EXERCISE DESCRIPTION: In the records below, find the line containing "Royal Copenhagen Musselmalet" and the line containing "Poster Portret van"; please repeat exactly the lines from one to the other, both included, and nothing more.

(Extracted data entries)

■ ■ ■ ■ ■

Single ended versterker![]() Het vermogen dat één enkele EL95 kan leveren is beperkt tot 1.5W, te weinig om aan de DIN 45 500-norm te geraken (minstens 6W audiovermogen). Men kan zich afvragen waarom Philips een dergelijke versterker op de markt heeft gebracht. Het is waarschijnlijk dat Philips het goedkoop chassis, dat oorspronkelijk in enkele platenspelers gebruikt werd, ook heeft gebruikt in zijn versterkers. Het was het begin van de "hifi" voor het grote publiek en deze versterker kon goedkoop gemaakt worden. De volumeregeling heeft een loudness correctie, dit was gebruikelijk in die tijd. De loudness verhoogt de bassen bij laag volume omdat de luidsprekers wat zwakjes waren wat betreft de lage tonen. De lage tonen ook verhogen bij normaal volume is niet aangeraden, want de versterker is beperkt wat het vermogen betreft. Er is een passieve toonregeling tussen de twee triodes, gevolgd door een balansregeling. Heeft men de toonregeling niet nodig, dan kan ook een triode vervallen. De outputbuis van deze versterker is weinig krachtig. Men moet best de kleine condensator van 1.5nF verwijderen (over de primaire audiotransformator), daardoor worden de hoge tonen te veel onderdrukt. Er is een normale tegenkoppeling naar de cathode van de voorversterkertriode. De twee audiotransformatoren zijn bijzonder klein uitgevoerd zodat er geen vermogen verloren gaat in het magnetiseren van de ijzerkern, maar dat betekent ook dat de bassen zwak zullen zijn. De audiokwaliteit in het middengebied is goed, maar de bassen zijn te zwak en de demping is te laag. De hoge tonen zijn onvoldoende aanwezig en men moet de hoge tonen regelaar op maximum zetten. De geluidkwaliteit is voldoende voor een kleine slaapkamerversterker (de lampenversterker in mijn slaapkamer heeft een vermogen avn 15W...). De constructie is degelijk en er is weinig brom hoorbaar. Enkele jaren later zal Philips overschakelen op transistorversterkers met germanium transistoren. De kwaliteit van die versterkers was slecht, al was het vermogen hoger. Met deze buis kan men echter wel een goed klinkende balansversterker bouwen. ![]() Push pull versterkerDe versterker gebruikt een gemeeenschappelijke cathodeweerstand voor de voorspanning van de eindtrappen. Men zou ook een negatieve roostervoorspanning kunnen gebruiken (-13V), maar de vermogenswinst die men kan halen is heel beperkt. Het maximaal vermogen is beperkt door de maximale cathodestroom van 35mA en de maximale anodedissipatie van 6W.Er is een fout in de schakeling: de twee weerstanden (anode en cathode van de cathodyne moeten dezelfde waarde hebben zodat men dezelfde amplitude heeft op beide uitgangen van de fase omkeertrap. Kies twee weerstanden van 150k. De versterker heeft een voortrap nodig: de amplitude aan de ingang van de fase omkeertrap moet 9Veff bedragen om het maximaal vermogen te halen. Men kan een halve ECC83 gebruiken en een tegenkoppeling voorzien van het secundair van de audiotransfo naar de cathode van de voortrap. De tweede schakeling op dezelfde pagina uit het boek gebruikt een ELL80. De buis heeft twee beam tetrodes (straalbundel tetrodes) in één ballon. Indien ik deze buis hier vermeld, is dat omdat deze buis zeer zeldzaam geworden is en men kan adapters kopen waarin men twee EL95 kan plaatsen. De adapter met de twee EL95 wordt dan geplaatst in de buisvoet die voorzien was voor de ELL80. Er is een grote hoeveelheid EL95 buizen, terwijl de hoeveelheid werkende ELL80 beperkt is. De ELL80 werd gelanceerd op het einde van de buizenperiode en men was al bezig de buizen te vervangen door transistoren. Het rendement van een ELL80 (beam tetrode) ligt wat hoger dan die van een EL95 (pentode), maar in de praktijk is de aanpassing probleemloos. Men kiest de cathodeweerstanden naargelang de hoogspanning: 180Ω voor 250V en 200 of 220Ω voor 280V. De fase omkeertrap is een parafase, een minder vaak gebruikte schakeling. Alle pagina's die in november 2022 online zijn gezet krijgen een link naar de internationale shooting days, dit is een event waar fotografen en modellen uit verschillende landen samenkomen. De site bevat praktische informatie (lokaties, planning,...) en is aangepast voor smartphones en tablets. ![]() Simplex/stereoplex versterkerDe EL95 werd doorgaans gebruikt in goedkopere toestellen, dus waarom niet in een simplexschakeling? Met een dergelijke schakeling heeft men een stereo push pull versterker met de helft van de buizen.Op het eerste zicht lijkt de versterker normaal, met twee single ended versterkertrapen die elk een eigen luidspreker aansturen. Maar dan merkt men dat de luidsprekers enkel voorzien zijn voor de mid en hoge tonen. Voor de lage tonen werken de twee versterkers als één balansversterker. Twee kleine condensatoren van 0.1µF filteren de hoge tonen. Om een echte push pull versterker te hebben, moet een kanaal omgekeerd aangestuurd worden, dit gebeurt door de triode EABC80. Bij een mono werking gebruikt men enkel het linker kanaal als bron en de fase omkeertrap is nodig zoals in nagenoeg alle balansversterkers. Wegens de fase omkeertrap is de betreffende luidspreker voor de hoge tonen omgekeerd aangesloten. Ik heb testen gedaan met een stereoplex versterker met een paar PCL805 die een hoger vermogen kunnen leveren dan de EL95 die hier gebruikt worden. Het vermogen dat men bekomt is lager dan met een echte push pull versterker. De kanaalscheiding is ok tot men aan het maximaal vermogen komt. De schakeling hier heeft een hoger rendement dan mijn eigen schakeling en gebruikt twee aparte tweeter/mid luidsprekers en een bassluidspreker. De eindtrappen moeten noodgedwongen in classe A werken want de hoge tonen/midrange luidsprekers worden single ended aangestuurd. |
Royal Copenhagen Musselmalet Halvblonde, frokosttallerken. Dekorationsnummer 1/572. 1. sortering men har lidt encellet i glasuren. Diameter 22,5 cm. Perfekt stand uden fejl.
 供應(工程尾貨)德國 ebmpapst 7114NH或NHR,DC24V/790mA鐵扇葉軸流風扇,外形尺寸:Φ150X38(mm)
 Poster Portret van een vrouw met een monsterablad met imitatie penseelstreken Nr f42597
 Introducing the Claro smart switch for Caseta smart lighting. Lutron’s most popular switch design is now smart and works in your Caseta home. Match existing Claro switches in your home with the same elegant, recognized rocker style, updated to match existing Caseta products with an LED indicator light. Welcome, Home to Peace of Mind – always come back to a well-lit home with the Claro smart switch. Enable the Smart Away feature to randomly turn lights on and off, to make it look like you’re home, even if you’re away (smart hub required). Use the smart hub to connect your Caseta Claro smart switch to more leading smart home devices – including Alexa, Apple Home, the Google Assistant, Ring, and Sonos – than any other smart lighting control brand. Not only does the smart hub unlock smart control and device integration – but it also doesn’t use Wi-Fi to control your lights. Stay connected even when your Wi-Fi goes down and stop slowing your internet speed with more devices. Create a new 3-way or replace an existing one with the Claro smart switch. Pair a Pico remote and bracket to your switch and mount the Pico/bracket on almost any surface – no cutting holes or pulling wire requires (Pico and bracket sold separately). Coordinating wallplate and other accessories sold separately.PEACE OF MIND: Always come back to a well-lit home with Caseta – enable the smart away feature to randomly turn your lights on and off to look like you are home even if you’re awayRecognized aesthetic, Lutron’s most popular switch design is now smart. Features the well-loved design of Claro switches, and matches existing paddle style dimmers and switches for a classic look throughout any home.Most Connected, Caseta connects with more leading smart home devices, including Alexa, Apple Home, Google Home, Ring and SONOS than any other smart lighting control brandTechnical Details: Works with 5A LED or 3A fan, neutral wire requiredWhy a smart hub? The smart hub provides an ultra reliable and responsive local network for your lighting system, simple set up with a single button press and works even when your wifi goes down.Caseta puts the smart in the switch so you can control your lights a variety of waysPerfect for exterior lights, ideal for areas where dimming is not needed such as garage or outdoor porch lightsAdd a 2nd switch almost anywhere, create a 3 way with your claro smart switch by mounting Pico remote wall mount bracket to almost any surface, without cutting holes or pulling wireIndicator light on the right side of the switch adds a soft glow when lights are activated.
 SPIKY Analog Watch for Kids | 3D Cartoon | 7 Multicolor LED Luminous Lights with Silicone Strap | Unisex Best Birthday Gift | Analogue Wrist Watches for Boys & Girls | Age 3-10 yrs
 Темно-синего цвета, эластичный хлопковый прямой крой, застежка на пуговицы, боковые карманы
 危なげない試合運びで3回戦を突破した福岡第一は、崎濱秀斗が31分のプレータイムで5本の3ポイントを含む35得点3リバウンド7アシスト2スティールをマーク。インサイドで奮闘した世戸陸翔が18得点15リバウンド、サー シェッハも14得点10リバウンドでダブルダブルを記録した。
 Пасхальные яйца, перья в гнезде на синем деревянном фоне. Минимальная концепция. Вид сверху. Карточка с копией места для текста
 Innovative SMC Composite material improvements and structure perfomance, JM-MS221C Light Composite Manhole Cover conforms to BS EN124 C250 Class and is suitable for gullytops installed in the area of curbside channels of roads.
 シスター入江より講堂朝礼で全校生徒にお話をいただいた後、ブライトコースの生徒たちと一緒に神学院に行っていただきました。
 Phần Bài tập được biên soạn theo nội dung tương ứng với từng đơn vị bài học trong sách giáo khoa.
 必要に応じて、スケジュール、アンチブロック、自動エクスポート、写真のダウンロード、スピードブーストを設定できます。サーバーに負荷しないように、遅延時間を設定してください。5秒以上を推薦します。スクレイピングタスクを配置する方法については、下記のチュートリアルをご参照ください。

■ ■ ■ ■ ■

SOLUTION:
Royal Copenhagen Musselmalet Halvblonde, frokosttallerken. Dekorationsnummer 1/572. 1. sortering men har lidt encellet i glasuren. Diameter 22,5 cm. Perfekt stand uden fejl.
 供應(工程尾貨)德國 ebmpapst 7114NH或NHR,DC24V/790mA鐵扇葉軸流風扇,外形尺寸:Φ150X38(mm)
 Poster Portret van een vrouw met een monsterablad met imitatie penseelstreken Nr f42597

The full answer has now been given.